I will be using a line graph this time to track the cases of the given states in the given period of time.

ggplot(smallpox3, aes(x = year, y = count, color = state)) +
  ggtitle("Smallpox in Colorado, Connecticut, and Georgia in the 1930s") +
  xlab("year") + 
  ylab("Number of cases") + 
  theme_minimal(base_size = 14) +
  scale_x_continuous(breaks = c(1930, 1932, 1934, 1936, 1938)) +
  geom_point() + 
  geom_line() + 
  scale_color_brewer(palette = 'Set2')

What do these visualizations represent ?

I see a very positive trend amongst most diseases in the dataset because the number of cases has been decreasing over time. In the first visualization, one can tell that because California and Florida have a large population, they would also have more Hepatitis A cases than states like Maryland or even New York. However, I was not expecting the gap that California would create by having much more Hepatitis A cases in 1966. What is also surprising is how fast California has recovered by reducing the number of cases, while the trend has been more steady in states like Maryland or New York. I understand that these last two states have a smaller population, but I was still very surprised by the graph results. In the second visualization, when studying Polio cases in Alabama, Arizona, Texas, and Virginia in the 1940s, there were interesting patterns I noticed. Texas was clearly the state with more Polio cases due to its large population, but the four states had a very inconsistent behavior throughout the decade. I came to this conclusion because every two years they would increase the number of cases and then after another two years it would decrease. Perhaps, with the exception of Arizona because the number of cases was very steady throughout the decade. Definitely very interesting to see the number of Polio cases in the other states go up and down in that decade. Finally, in my third visualization where I used data of smallpox in Colorado, Connecticut, and Georgia during the 1930s. The number of smallpox cases in these states was not very high, but Colorado had a difficult start of the decade with almost 600 cases, then it decreased to less than 100 to finally end up with almost 400 cases by the end of the decade. This was a very surprising behavior considering that Connecticut and Georgia also had their up and downs, but proportionally to their population it was a very steady trend.

What could have been included ?

I am glad with the progress I have made with this data class, it is surprising that I could do this project in my own after just weeks of starting the class. I know that I will continue to make progress, so there are some things I wish I could have included in this project to make it even more sophisticated and attractive.
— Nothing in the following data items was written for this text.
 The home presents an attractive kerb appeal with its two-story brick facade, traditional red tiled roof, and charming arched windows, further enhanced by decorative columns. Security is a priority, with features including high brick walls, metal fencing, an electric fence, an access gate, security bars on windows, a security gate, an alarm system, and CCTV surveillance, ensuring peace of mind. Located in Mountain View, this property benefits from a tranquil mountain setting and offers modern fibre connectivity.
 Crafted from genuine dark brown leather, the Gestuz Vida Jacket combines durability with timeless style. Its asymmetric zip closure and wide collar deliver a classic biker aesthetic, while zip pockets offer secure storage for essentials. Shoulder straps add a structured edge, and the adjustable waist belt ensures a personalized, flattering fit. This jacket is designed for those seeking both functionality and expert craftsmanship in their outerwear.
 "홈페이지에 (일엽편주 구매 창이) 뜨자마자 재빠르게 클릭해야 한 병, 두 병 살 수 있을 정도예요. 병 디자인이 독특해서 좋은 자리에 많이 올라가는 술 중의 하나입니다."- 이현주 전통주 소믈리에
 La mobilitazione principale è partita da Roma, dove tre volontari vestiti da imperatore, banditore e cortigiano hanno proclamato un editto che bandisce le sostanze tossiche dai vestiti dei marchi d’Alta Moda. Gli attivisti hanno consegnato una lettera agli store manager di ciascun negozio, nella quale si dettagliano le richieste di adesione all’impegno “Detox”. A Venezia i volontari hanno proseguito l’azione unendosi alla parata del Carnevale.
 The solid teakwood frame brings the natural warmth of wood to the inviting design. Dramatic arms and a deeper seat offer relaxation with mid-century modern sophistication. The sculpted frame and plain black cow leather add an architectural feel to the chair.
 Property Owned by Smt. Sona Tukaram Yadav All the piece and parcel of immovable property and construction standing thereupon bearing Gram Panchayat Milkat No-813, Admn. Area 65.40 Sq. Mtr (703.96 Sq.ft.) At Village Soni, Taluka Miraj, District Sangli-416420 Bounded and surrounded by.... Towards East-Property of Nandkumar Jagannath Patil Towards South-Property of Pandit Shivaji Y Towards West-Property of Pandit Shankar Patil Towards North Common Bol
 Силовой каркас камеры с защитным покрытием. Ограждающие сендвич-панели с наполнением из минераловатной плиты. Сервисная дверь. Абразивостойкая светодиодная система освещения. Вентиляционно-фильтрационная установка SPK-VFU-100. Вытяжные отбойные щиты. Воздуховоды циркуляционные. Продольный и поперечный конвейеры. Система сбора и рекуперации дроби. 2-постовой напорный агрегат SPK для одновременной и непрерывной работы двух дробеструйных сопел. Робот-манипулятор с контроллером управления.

For instance, I would have liked to compare the number of cases of different states with different sizes of population by percentages. That way it would not matter if I compared California to Hawaii despite of the population because I could use number of cases per one hundred people or something similar. In other words, my goal for the end of the semester will be to use more variables of this dataset and have a rich comparison of the contagious diseases between states.